High Availability Guide
System Failover Strategies
InterSystems IRIS™ provides several high availability (HA) solutions, and easily integrates with all common HA configurations supplied by operating system providers.
The primary mechanism for maintaining high system availability is called failover. Under this approach, a failed primary system is replaced by a backup system; that is, processing fails over to the backup system. Many HA configurations also provide mechanisms for disaster recovery, which is the resumption of system availability when failover mechanisms have been unable to keep the system available.
There are five general approaches to InterSystems IRIS instance failover for HA (including not implementing an HA strategy). This chapter provides an overview of these approaches, while the remainder of this guide provides procedures for implementing them.
It is important to remember that in all of these approaches except mirroring, a single storage failure can be disastrous. For this reason, disk redundancy, database journaling as described in the Journaling
chapter of the Data Integrity Guide
, and good backup procedures, as described in the Backup and Restore
chapter of the Data Integrity Guide
, must always be part of your approach, as they are vital to mitigating the consequences of disk failure.
If you require detailed information to help you develop failover and disaster recovery strategies tailored to your environment, or to review your current practices, please contact the InterSystems Worldwide Response Center (WRC)
The integrity of your InterSystems IRIS database is always protected from production system failure by the features described in the Data Integrity Guide. Structural database integrity is maintained by InterSystems write image journal (WIJ) technology, while logical integrity is maintained through journaling and transaction processing. Automatic WIJ and journal recovery are fundamental components of the InterSystems bulletproof database architecture.
With no failover strategy in place, however, a failure can result in significant down time, depending on the cause of the failure and your ability to isolate and resolve it. For many applications that are not business-critical, this risk may be acceptable.
Customers that adopt this approach share the following traits:
Clear and detailed operational recovery procedures, including journaling and backup and restore
Disk redundancy (RAID and/or disk mirroring)

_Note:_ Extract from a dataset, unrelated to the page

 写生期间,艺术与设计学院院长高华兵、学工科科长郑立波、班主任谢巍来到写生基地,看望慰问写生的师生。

Ability to replace hardware quickly
24x7 maintenance contracts with all vendors
Management acceptance and application user tolerance of moderate downtime caused by failures
A common approach to achieving HA is the failover cluster, in which the primary production system is supplemented by a (typically identical) standby system, with shared storage and a cluster IP address that follows the active member. In the event of a production system failure, the standby assumes the production workload, taking over the programs and services formerly running on the failed primary, including InterSystems IRIS.

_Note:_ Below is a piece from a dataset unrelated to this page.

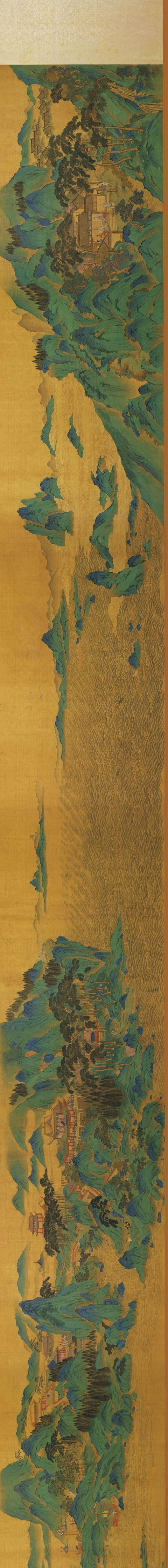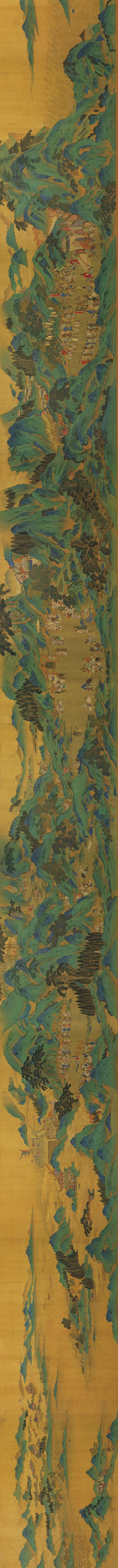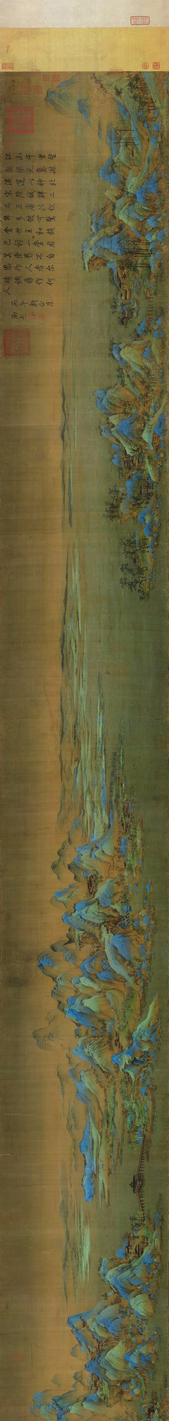 这篇回答的第一幅青绿山水我没有选择隋朝的《游春图》,因为我更喜欢这幅,蜀道难,丘壑峭削,千岩竟秀,画面笔力遒劲,山石构写繁复,山石整体的气度不凡,空间纵深广博,且利用散点透视人物描叙得当,且能用色彩区分山石的阴阳向背关系,这些其实在现在来看都不是什么亮点,但结合年代而言实属不易,此画原名是《宋人关山行旅图》,由《石渠宝笈》三编所定名,后经当代考证此画为安史之乱时李隆基往蜀中逃难的情景,因此改名《明皇幸蜀图》,台北故宫还有一幅同题材构图的画叫《春山行旅图》,水平较之这张要差不少,两张都传是李昭道所作,说系出同一母本,我把不准,故列佚名

InterSystems IRIS is designed to integrate easily with failover solutions provided at the operating system level, such as Microsoft Windows Server Clusters, IBM PowerHA SystemMirror, Red Hat Enterprise Linux HA, and others. A single instance of InterSystems IRIS is installed on the shared storage device so that both cluster members recognize the instance, then added to the failover cluster configuration so it will be started automatically as part of failover. If the active node becomes unavailable for a specified period of time, the failover technology transfers control of the cluster IP address and shared storage to the standby and restarts InterSystems IRIS on the new primary. On restart, the system automatically performs the normal startup recovery, with WIJ, journaling, and transaction processing maintaining structural and data integrity exactly as if InterSystems IRIS had been restarted on the failed system.

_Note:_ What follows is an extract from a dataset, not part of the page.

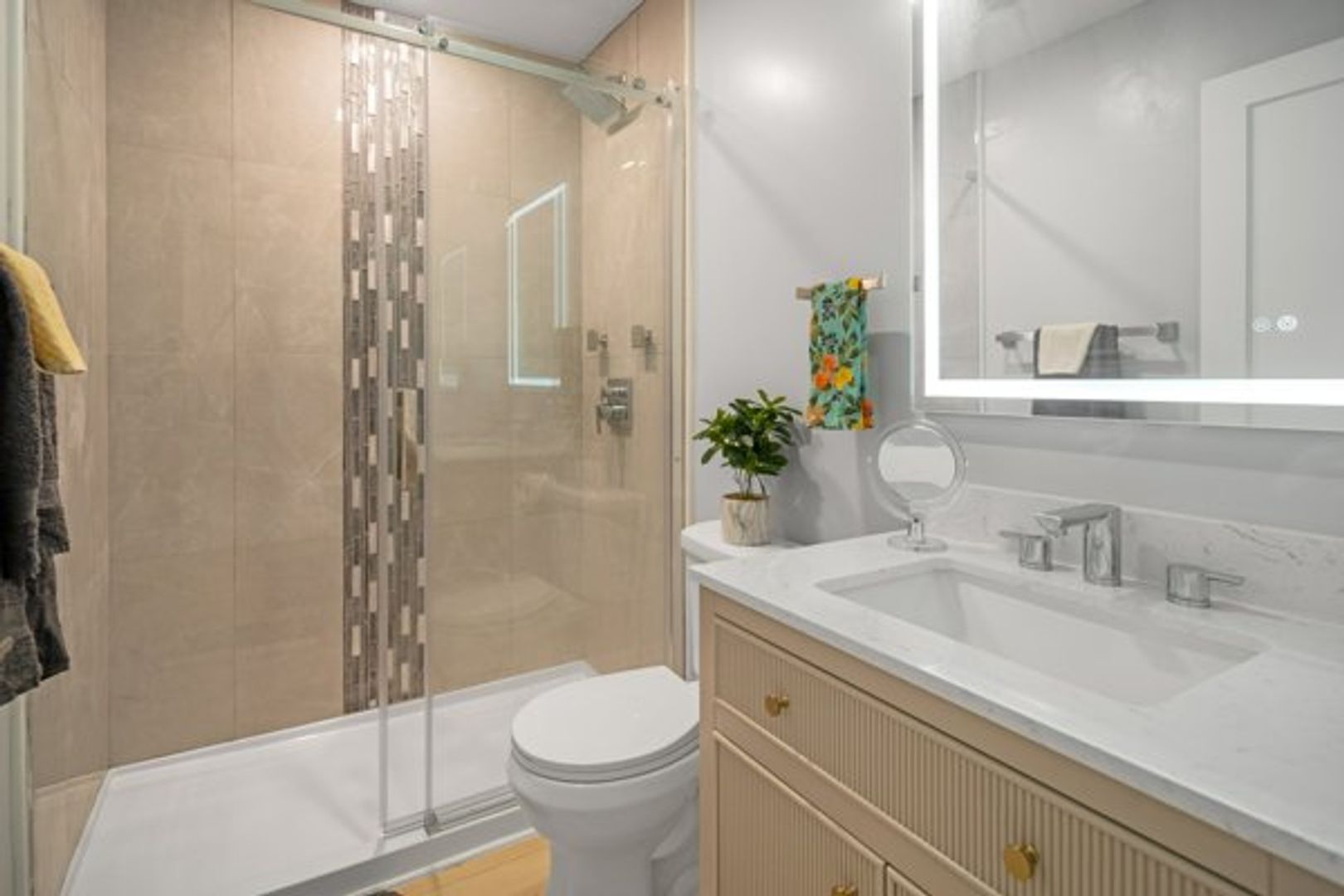 • Upgraded bathrooms with custom tilework, LED vanity mirrors, and modern fixtures

The standby server must be capable of handling normal production workloads for as long as it may take to restore the failed primary. Optionally, the standby can become the primary, with the failed primary becoming the standby once it is restored.
Failover Cluster Configuration
Under this approach, failure of the shared storage device is disastrous. For this reason, disk redundancy, journaling and good backup and restore procedures are critically important to providing adequjate recovery capability.
Virtualization platforms generally provide HA capabilities, which typically monitor the status of both the guest operating system and the hardware it is running on. On the failure of either, the virtualization platform automatically restarts the failed virtual machine, on alternate hardware as required. When the InterSystems IRIS instance restarts, it automatically performs the normal startup recovery, with WIJ, global journaling, and transaction processing maintaining structural and data integrity as if InterSystems IRIS had been restarted on a physical server.
Failover in a Virtual Environment
In addition, virtualization platforms allow the relocation of virtual machines to alternate hardware for maintenance purposes, enabling upgrade of physical servers, for example, without any down time. Virtualization HA shares the major disadvantage of the failover cluster and concurrent cluster, however: failure of shared storage is disastrous.
InterSystems IRIS database mirroring with automatic failover provides an effective and economical high availability solution for planned and unplanned outages. Mirroring relies on data replication rather than shared storage, avoiding significant service interruptions due to storage failures.
An InterSystems IRIS mirror consists of two physically independent InterSystems IRIS systems, called failover members
. Each failover member maintains a copy of each mirrored database
in the mirror; application updates are made on the primary
failover member, while the backup
failover member’s databases are kept synchronized with the primary through the application of journal files from the primary. (See the Journaling
chapter of the Data Integrity Guide
for information about journaling.)
The mirror automatically assigns the role of primary to one of the two failover members, while the other failover member automatically becomes the backup system. When the primary InterSystems IRIS instance fails or otherwise becomes unavailable, the backup automatically and rapidly takes over and becomes primary.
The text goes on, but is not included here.